Nighttime bakery works to tackle social issues

The Yomiuri Shimbun
The first outlet of the nighttime bakery operates beside Kamome Books, a bookshop near Tokyo Metro Kagurazaka Station in Shinjuku Ward, Tokyo, on March 1

Three bread outlets in central Tokyo that are open only in the evening are aiming to prove that bread not only nourishes the body, but also the soul.

Named Yoru no Pan-ya san (nighttime bakery), the outlets are an initiative that aims to mitigate social problems such as unemployment and food loss.

Unsold bread baked with great care in popular Tokyo bakeries may be discarded. Rather than allowing that to happen, people who are having difficulties making a living for various reasons, including because of the coronavirus pandemic, pick up the discounted bread, which is likely to remain unsold, and deliver it to a nighttime bakery.

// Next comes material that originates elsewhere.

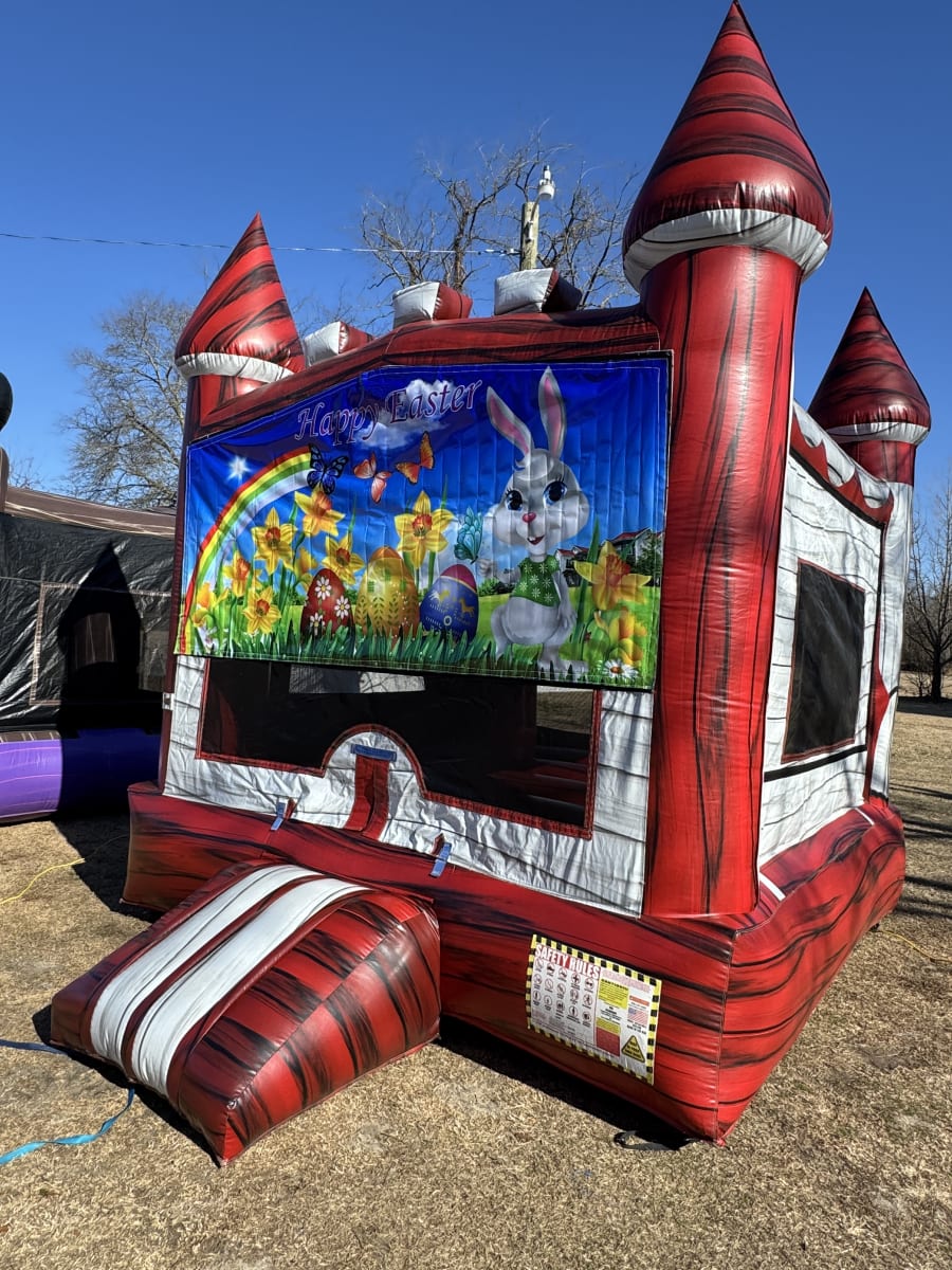 This Red Bounce House is perfect for any season. This is also great for the younger children, adults can also enjoy the experience. Kids will be able to jump for as long until they run out of energy. This Bounce House also has a Basket ball hoop and obstacles inside as well. We deliver to areas like Goldsboro, Kinston, Mount Olive, and Pink Hill. Free delivery for areas within a 40 minutes of travel.

They then sell the bread for about the original price by the end of the day, and the profit is used to pay their wages and help them rebuild their lives and become independent.

The initiative was launched in October 2020 by Big Issue Japan, an organization founded in 2003 that creates jobs for the homeless to help them become independent. The organization has been promoting projects with homeless people selling magazines on the streets to help supplement their income. The Big Issue magazine first launched in 1991 in London.

The impetus of the initiative was a donation from a philanthropist, and it is modeled on a similar project underway in Hokkaido that aims to curtail food loss.

The first outlet of the nighttime bakery opened on Oct. 16, 2020, coinciding with the United Nations’ World Food Day, and two more opened thereafter.

The first one is located in front of a bookstore near Tokyo Metro’s Kagurazaka Station in Shinjuku Ward. It is open three days a week from 7 p.m. to about 9 p.m.

The Yomiuri Shimbun
The second outlet sets up shop at the parking lot of an apartment building in Shinjuku Ward, Tokyo.

The second outlet sets up shop at the parking lot of an apartment building in the Shin-Ogawamachi area in Shinjuku Ward, and it runs once a week from 5 p.m. to around 8 p.m.

The Yomiuri Shimbun
Customers buy bread at the third outlet, which recently opened in Minato Ward, Tokyo.

The third is in front of a coffee shop near Tamachi Station in Minato Ward and is open twice a week from 6 p.m. to about 8 p.m.

All three close when the bread sells out.

“The fact is that some people have lost their jobs due to the coronavirus pandemic. Another fact is that bread goes unsold every day,” said cooking specialist Nahomi Edamoto, who came up with the idea for the initiative. She cochairs Big Issue Japan Foundation, a nonprofit organization affiliated with Big Issue Japan.

“We wanted to fundamentally change the situation by bringing the two facts together in such a way that won’t cause people to feel bad about having or not having money,” she said.

“About 18 bakeries are now working with us,” Edamoto said. “I want to gradually and flexibly increase the number of days open and outlets, especially as an initiative to create jobs not only for men but also women.”

The Yomiuri Shimbu
A worker delivers bread by bicycle to the Kagurazaka outlet.
The Yomiuri Shimbu
A worker leaves the Tamachi outlet after taking the train to deliver bread.

The breads that are sold differ each day, and that information is posted on social media. Customers can visit one location to try a variety of products from bakeries they usually don’t go to.

“I come here almost every week,” said a woman in her 40s, who was at the Tamachi outlet. She did not go to the first outlet in Kagurazaka because it is too far, but since she learned on Twitter that the third outlet had opened near her office, she has been a regular customer.

“It’s not just about enjoying the different breads from various bakeries. I’m also glad that I can make a small contribution to reducing food loss by buying them for the original price, not a discounted price,” she added.